You also found the .push_back() member function in Rcpp which we added for convenience and analogy with the STL. We do warn that it is not recommended: due to differences with the way R objects are constructed, we essentially always need to do full copies .push_back is not very efficient.
Despite me answering here frequently, the rcpp-devel list a better place for Rcpp questions.

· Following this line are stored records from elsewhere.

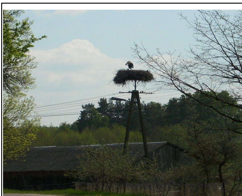
Rysunek 5: Gniazdo bociana białego w Nowej Wsi Dmochy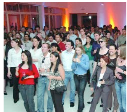
&gt; SÃO PAULO

Unidades de Alcoa realizan animados eventos para conmemorar el nuevo año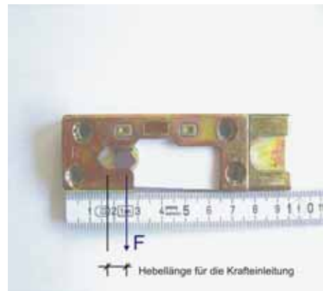
Bild 4 Ungünstiger Einschluss des Zapfens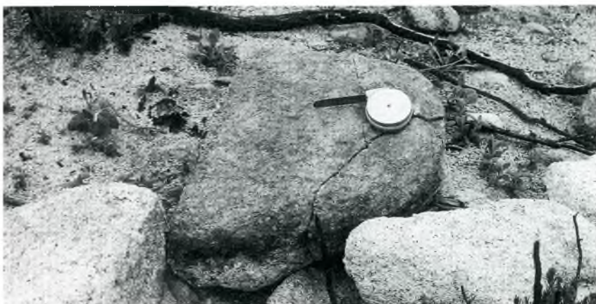
Fig. 9. Molí de granit de gra gros.

Els còdols projectils són semblants en mida als d'altres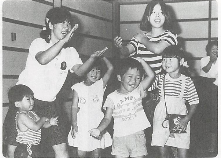
△親子で楽しいひとときを

8月4日から5日間、豊田市美里地区の中学生6人が、中学生親善交流事業で秋穂二島地区を訪れた。海辺でシャコをとったり、子ども会のキャンプに参加したり、秋穂二島地区ならではの生活を体験、ふれあいを深めた。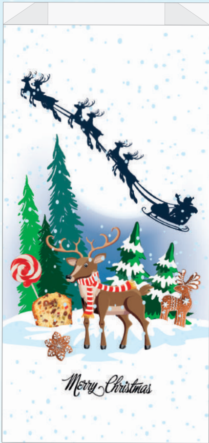
cm. 22 x 44

It seems Rcpp can return a proper data.frame, provided you supply the names explicitely. I'm not sure how to adapt this to your example with arbitrary names
mkdf <- '
Rcpp::DataFrame dfin(input);
Rcpp::DataFrame dfout;
for (int i=0;i<dfin.length();i++) {
dfout.push_back(dfin(i));
}
return Rcpp::DataFrame::create( Named("x")= dfout(1), Named("y") = dfout(2));
'
library(inline)
test <- cxxfunction( signature(input="data.frame"),
mkdf, plugin="Rcpp")
test(input=head(iris))
Using the information from #baptiste's answer, this is what finally does give a well formed data frame:
RcppExport SEXP makeDataFrame(SEXP in) {
Rcpp::DataFrame dfin(in);
Rcpp::DataFrame dfout;
Rcpp::CharacterVector namevec;
std::string namestem = "Column Heading ";
for (int i=0;i<2;i++) {
dfout.push_back(dfin(i));
namevec.push_back(namestem+std::string(1,(char)(((int)'a') + i)));
}
dfout.attr("names") = namevec;
Rcpp::DataFrame x;
Rcpp::Language call("as.data.frame",dfout);
x = call.eval();
return x;
}
I think the point remains that this might be inefficient due to push_back (as suggested by #Dirk) and the second Language call evaluation. I looked up the rcpp unitTests, and haven't been able to come up with something better yet. Anybody have any ideas?
Update:
Using #Dirk's suggestions (thanks!), this seems to be a simpler, efficient solution:
RcppExport SEXP makeDataFrame(SEXP in) {
Rcpp::DataFrame dfin(in);
Rcpp::List myList(dfin.length());
Rcpp::CharacterVector namevec;
std::string namestem = "Column Heading ";
for (int i=0;i<dfin.length();i++) {
myList[i] = dfin(i); // adding vectors
namevec.push_back(namestem+std::string(1,(char)(((int)'a') + i))); // making up column names
}
myList.attr("names") = namevec;
Rcpp::DataFrame dfout(myList);
return dfout;
}
I concur with joran. The output of a C function called from within R is a list of all its arguments, both "in" and "out", so each "column" of the dataframe could be represented in the C function call as an argument. Once the result of the C function call is in R, all that remains to be done is to extract those list elements using list indexing and give them the appropriate names.